Around the time I started writing my journal, I read an article, ‘Writing Wrongs’ , in the first issue of Psychologies magazine by Professor David Servan-Schreiber of the University of Pittsburgh School of Medicine. In the article, about the value of writing things down, he quoted a clinical study which showed that “...those (patients) who had spent just 20 minutes a day writing about their problems, for three days in a row, were feeling better, taking fewer drugs to relieve their symptoms and seeing their doctor less often”. His ‘journal rules’ are as follows:

1. The journal must remain strictly confidential
2. It must be honest (don’t waste time lying to yourself)
3. You must write it on a regular basis…and stick to your timetable.

As a Positive Psychology student, my interest is weighted more towards counting my blessings than writing about the negatives.
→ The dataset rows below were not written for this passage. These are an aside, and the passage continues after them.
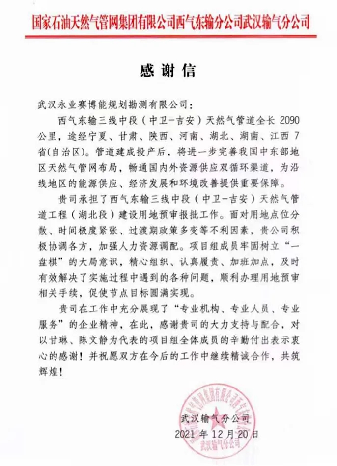 2021年12月20日,国家石油天然气管网集团有限公司(下称“国家管网公司”)西气东输分公司武汉输气分公司致函永业行,对我司承担的西气东输三线中段(中卫-吉安)天然气管道工程(湖北段)建设用地预审工作给予肯定和感谢。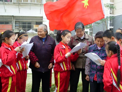 10月28日,宜秀區大橋街道中心小學的師生來到葉祠還建點開展“小手牽大手共做文明人”宣傳活動,向社區居民倡議自覺遵守社區公約做文明市民,受到居民歡迎。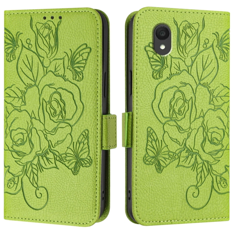 Funda de Cuero Antirrobo RFID para TCL 201 con Rosa en Relieve (Verde)

Nevertheless, I don’t doubt the value of ‘Writing Wrongs’ in specific contexts (and, interestingly, I thought Servan-Schreiber’s explanation of the impact of the process of writing on images stored in the brain made sense of why NLP works).

If, like me, you are keener to try identifying good things in your life than you are to dwell on the bad things, here are the instructions for a 10-15 minute exercise, courtesy of Chris Peterson*

1. At the end of each day, before going to sleep, write down 3 things that went well during the day. Do this every night for 1 week.
2. The 3 things can be of relatively small importance (my friend told me a brilliant joke) or relatively large importance (my friend just got married).
3. After each positive thing, answer in your own words the question “Why did this good thing happen?”

You may be interested to know that Peterson’s own research shows that if you continue to do this exercise beyond the suggested 1 week, you can increase your happiness and decrease your symptoms of depression over the long-term. 10-15 minutes of your time every day doesn’t seem like a lot to ask for such a reward, does it? Go on, have a go, you know you’re worth it....

* Peterson, C, A Primer in Positive Psychology(2006) p38.